The next day, while I was sitting on my front porch, one of the out-of-town relatives and his eight-year-old appeared from behind my house and strolled down the side, looking for a lost ball. I was surprised, but not unhappily. I joined them in their search, even introduced them to another neighbor so we could look in their yard, too, but we couldn’t find it. Later, when I told my daughter this story, she said, “Oh, they found it.” She had just watched the new neighbor cross our backyard to retrieve it.

Now that I’ve shared this snippet of my life, it occurs to me that it’s less about the relative merits of privacy than it is an admission of how much I like company, no matter where it comes from, or how it gets here—as long as no windows are broken in the process.

Elderly suitor

My eighty-six year old neighbor has a crush on me. I’m going to call him John, because I don’t know his name. John is Greek and his English is minimal, so conversations are painful and time-consuming. I try to stick to weather observations like “beautiful day” and “it’s getting chilly,” but he persists in our version of chatting, so over time I’ve learned a thing or two about him.

He lives down the block with his wife and a cat (or two, or three). He has a daughter in Connecticut who is, apparently, a great success, and lives in a house I think he bought her, with his grand-daughter. Another daughter passed away a couple of years ago. I think the cats were hers. Most days, he takes a walk up and down our street. His wife does not join him, but sometimes one of his cats does. He carries a very tall stick as a cane, and moves slowly.

If I am outside when he passes by, he stops to say hello. If I am actively engaged in something, he will stand on the street and watch me. After a while, if I don’t stop what I’m doing to join him at the curb, he’ll walk onto the lawn towards me. He does this even if I’m mowing the lawn. When that happens, I feel obliged to stop the mower to say hello since clearly he is going to pursue me until I do, even though it strikes me as an outrageous intrusion.

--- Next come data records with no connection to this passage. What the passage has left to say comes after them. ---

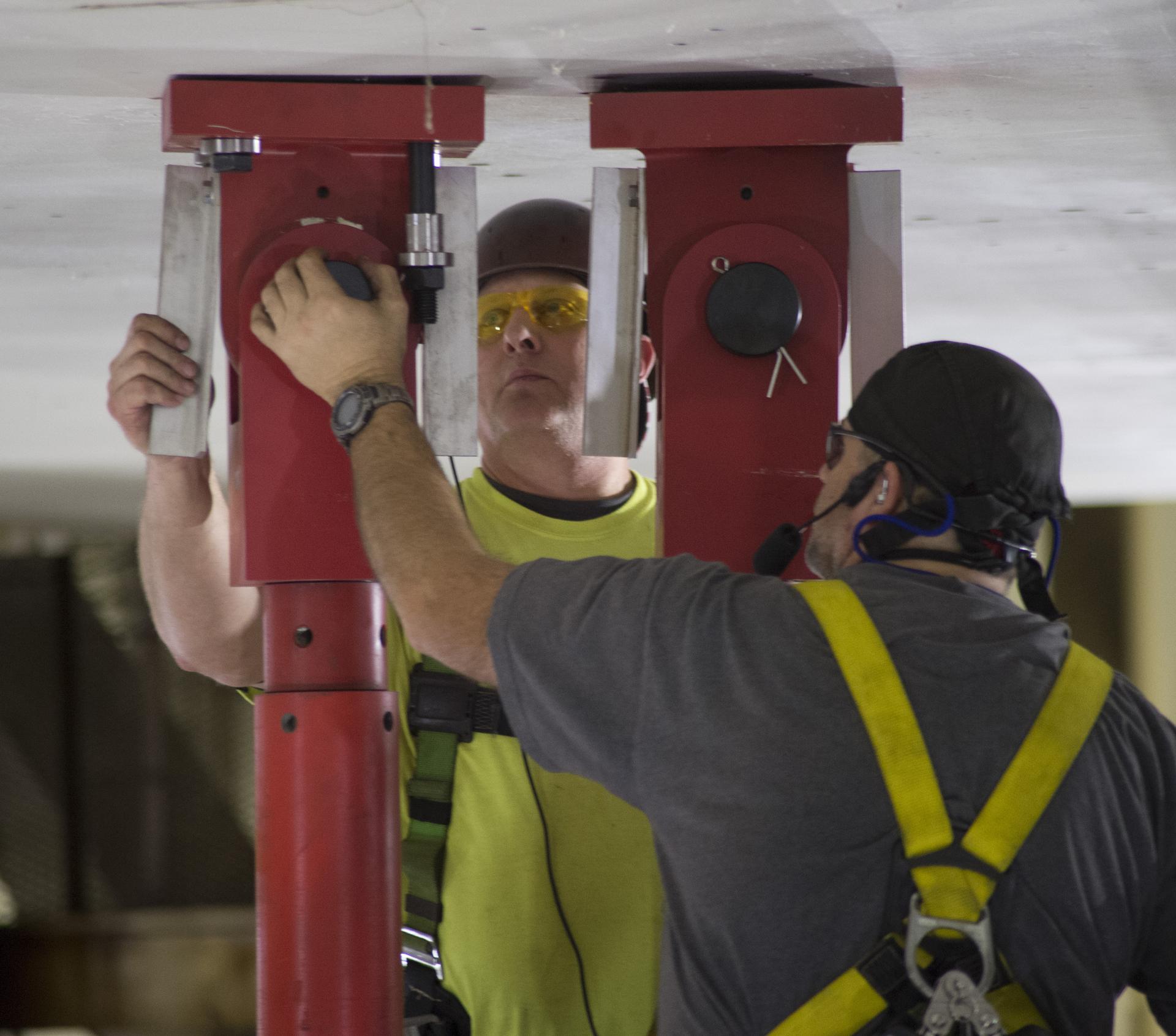 SLS Intertank Test Article, ITA, is attached to crosshead of load test Annex, Bldg. 4619, and removed from bed of KMAG transporter. Rob Ziegler, (L), and Roger Myrick (R), of Aerie Aerospace attach load lines to Aft Load Ring of Intertank Test Article.
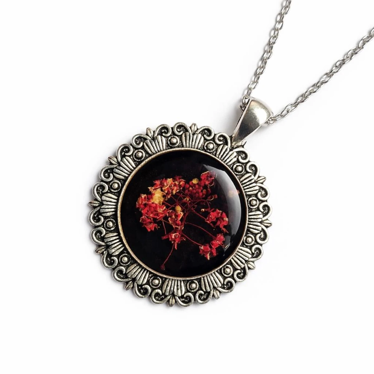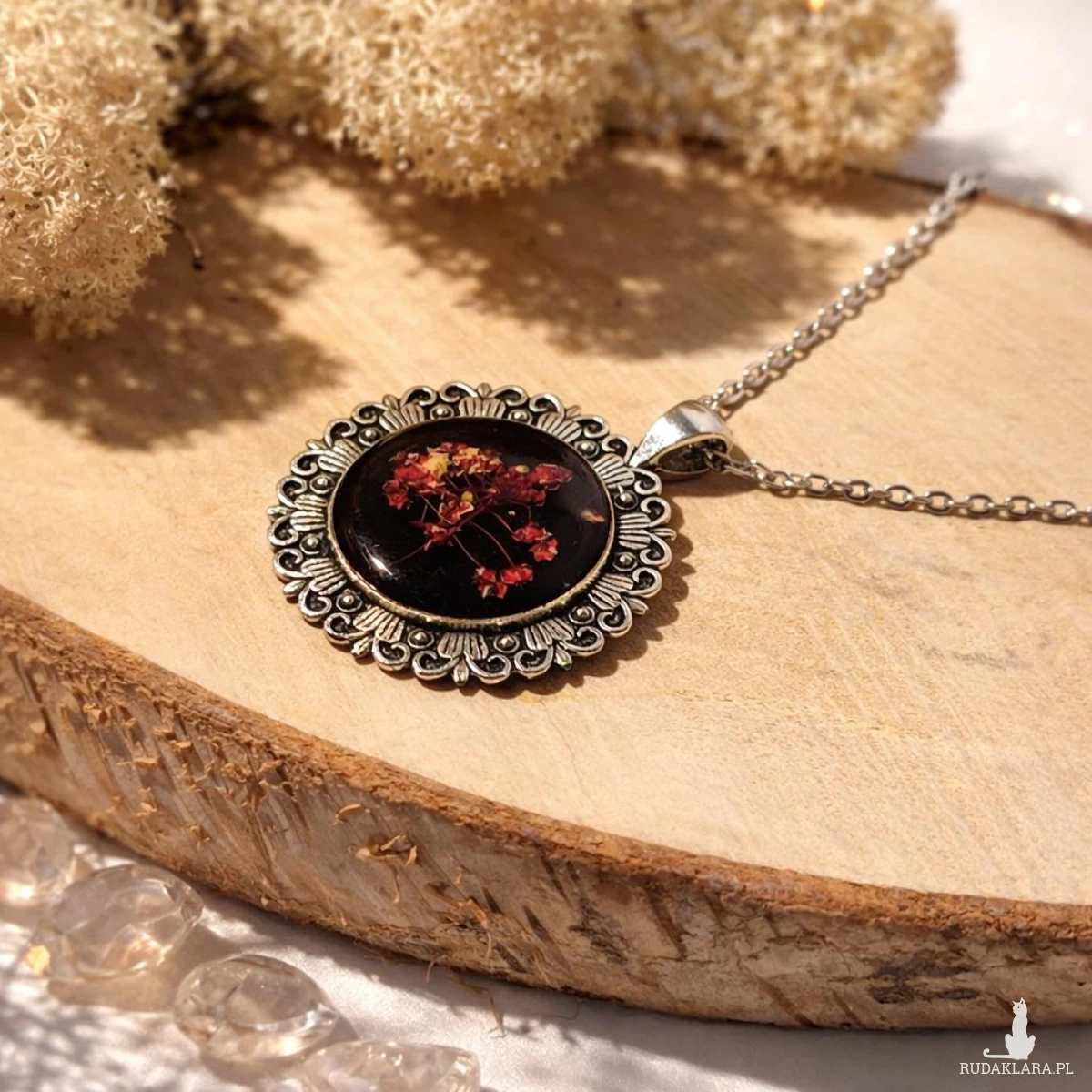 Unikatowy wisiorek handmade wykonany z wysokiej jakości żywicy epoksydowej, w której zatopione zostały naturalne czerwone kwiaty smagliczki. Głębokie, czarne tło pięknie podkreśla intensywność koloru kwiatów, tworząc elegancki i wyrazisty efekt.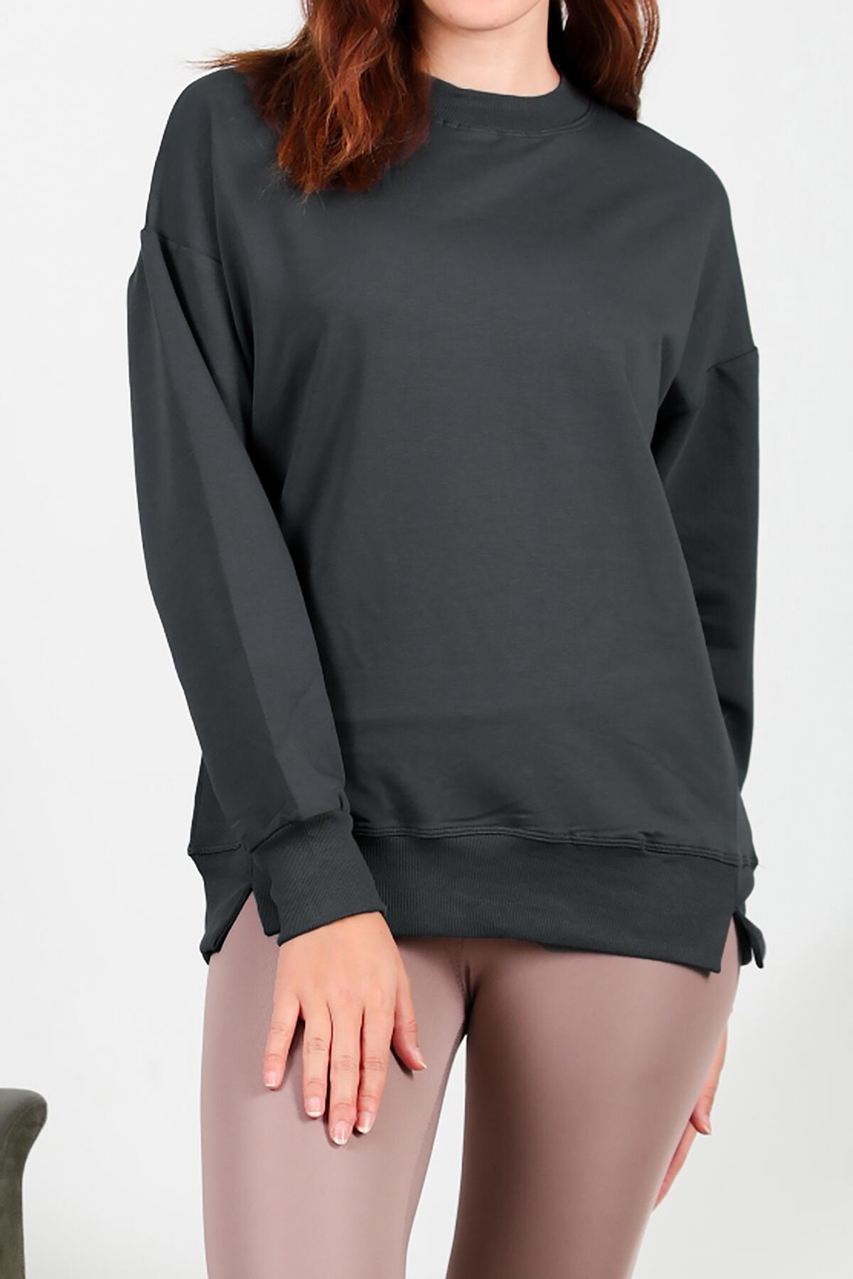 Kadın İki İplik Sıfır Yaka Sweat Füme

He kisses me hello on the cheek. The first time he did that, I allowed it out of some convoluted sense of respect for his age; that and I didn’t know how to repel him politely. Lately, he has professed his love for me. I want to believe he means like the love he feels for a daughter, but given his limited English, I am not sure, particularly since one of his words is “jealous.” He told me he was jealous of my husband. If he is like most other elderly men, he is probably just taking advantage of his advanced age to get away with saying mildly inappropriate things. But I am no longer comfortable letting him kiss me, and I don’t know how to make him stop.

I have taken to avoiding John when I can. If I’m thinking of going out, but I see him on the street, I wait until he’s gone. Recently, I ran away from him. I was across the street, chatting with another neighbor, an older woman he likes to hug hello, when he came by. We said hello and then I told him we had something to do and dragged her back to my house, up the driveway and around the back. We congratulated ourselves on getting away and continued our conversation. After a few minutes, I walked back to the driveway – where he was still standing, waiting for my return.

Winter is my least favorite season; I hate the cold. This year, however, I’m looking forward to it, because it will curtail my elderly suitor’s constitutionals. If John’s intentions are innocent, I can tolerate them for the sake of an old man’s happiness. If, however, they are not, I do not want to encourage him. Since I don’t know how to discern his true motives, I guess I’ll spend my winter reprieve dreaming up creative ways to avoid him come spring.